In Türkiye, tobacco products must contain 30% local tobacco content. PMI provided the EU with questions on this issue, to be asked at a World Trade Organization meeting. PMI also requested that the issue be included in a report assessing Türkiye’s progress towards EU enlargement.

India banned HTPs in 2019 to protect public health. PMI asked EU trade officials whether the issue could be addressed during ongoing trade negotiations, framing it as an import ban. The company also suggested that the European Commission intervene on the ban on HTPs in Singapore, arguing that “any message to the Singaporean authorities would be useful to remove the prohibition given the country’s openness to trade.”

PMI sought to challenge the ban on HTPs in Mexico by framing it as a trade barrier, asking DG TRADE to raise the issue with Mexican authorities. PMI similarly framed Brazil’s ban on e-cigarettes and HTPs as a breach of EU trade agreements.
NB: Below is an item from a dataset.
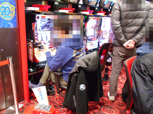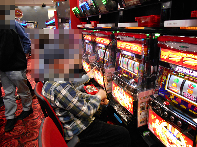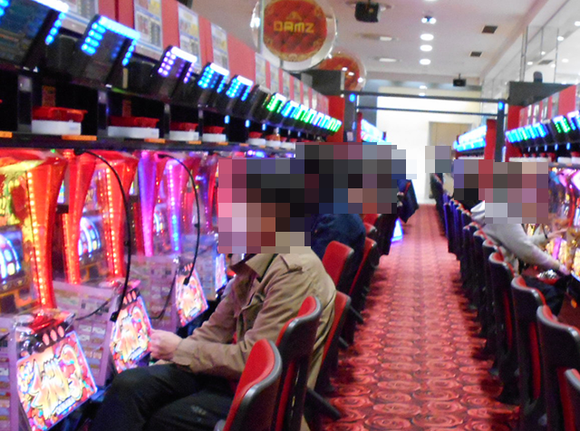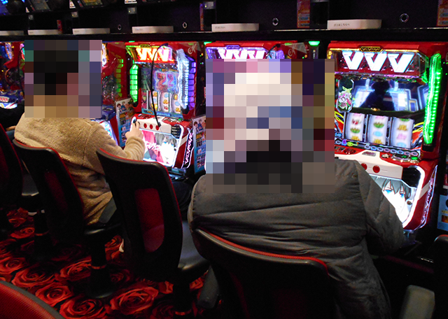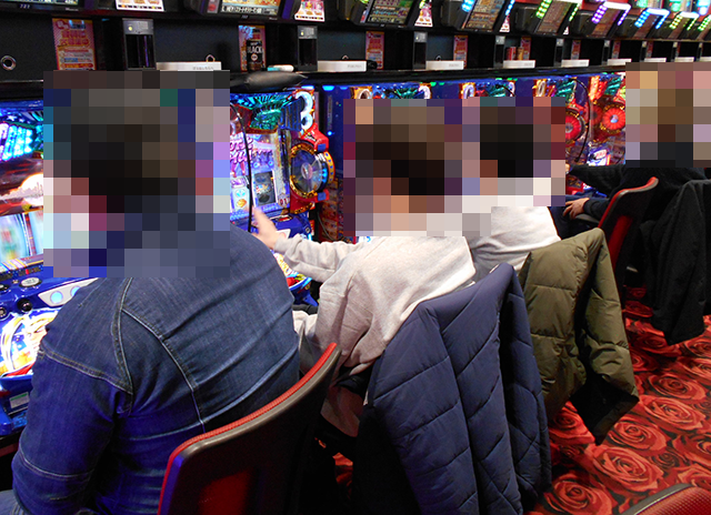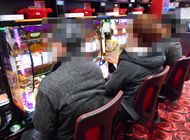 夕方頃のパチスロでは、多くのプレイヤーが笑顔で遊技をおこなっていた。

“It’s not enough for these tobacco companies to undermine health policy in Europe,” said Jorge Alday, Director, STOP at Vital Strategies. “This investigation clearly demonstrates that the industry is trying to weaponize the EU’s diplomatic power to challenge other countries’ sovereign right to determine health policy to protect their people, especially youth. We call on the EU to fully uphold its obligations under the WHO FCTC, limit contact with the tobacco industry and make every interaction public. To protect health from the industry’s vested interests, these recommendations need to be binding and embedded across all EU institutions.”

Notes to Editors

Methodology

As the tobacco industry is uniquely harmful, the World Health Organization (WHO) Framework Convention on Tobacco Control (FCTC) requires its parties to keep the industry out of policymaking. When contact is necessary, all meetings must be fully transparent. The WHO FCTC has been ratified by the European Union, so it is obligated to fulfill these commitments under the treaty.
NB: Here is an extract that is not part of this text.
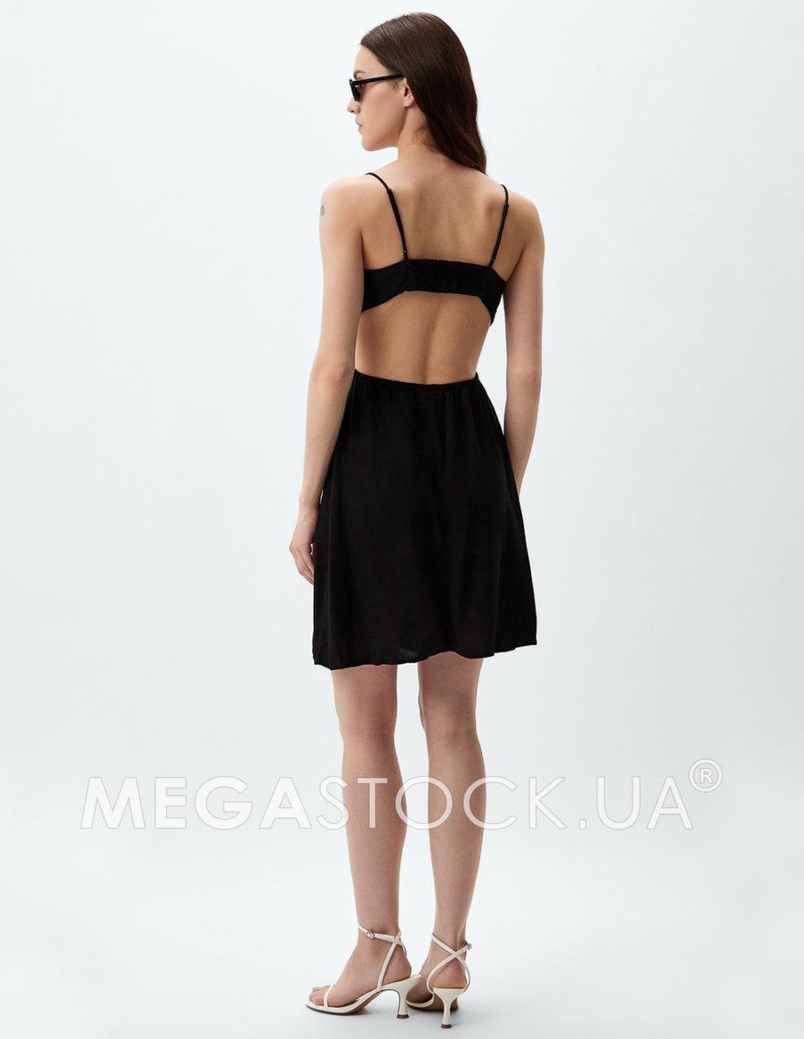 Коротка сукня без рукавів з віскозної тканини. Вузькі регульовані бретелі, V-подібний виріз горловини та відкрита частина спереду з вузькою зав’язкою на потилиці. Ліф з облямівкою ззаду, відкриті частини з боків та ззаду, а також кругла спідниця з закритою гумкою зверху. Без підкладки

Contre-Feu and STOP examined whether EU institutions are following these rules. They analysed the EU Transparency Register, the European Parliament’s record of lobbyist meetings and used freedom of information requests to identify exchanges between the tobacco industry and different European Commission departments. Targeted desk research including analysis of World Trade Organization documents and additional FOI requests were undertaken to collect evidence from outside the EU. Drawing upon all these information sources, Contre-Feu and STOP identified who was lobbying for the industry and documented declared spending on these activities, declared meetings, undeclared meetings and communications and evidence of the EU acting on the industry’s behalf.

A Deadly Industry

The tobacco industry is responsible for 7 million deaths annually. The October 2025 WHO global report on trends in tobacco use confirms that the EU remains one of the regions hardest hit by the tobacco epidemic, with around 700,000 premature deaths every year. Tobacco also causes a massive economic burden: In 2009, it cost the EU €544 billion, the equivalent of 4.6% of Member States’ combined GDP.

The harm stretches far beyond public health and economic costs. Tobacco cultivation and waste drive severe environmental degradation, from deforestation to plastic and chemical pollution. The supply chain is also linked to widespread human rights abuses, including forced and child labour in tobacco-growing regions. It’s estimated that 1.3 million children are exploited in tobacco fields.


About STOP

STOP is a global network of academic and public health organizations. STOP connects experts in all aspects of the tobacco industry’s business to expose and counter its relentless efforts to sell harmful, addictive products. For more information, visit exposetobacco.org.

About Contre-Feu

Contre-Feu, the alliance against the tobacco industry (formerly ACT), is a public interest counter-lobby that has been working for over 30 years to create a world free of tobacco and nicotine products. Contre-Feu runs awareness and advocacy campaigns denouncing the strategies and manipulations of the world’s deadliest business: the tobacco industry. In addition to bringing together more than 20 non-profit organizations, Contre-Feu mobilizes decision-makers, civil society actors, the media and public opinion to see the emergence of France’s first tobacco-free generation by 2032.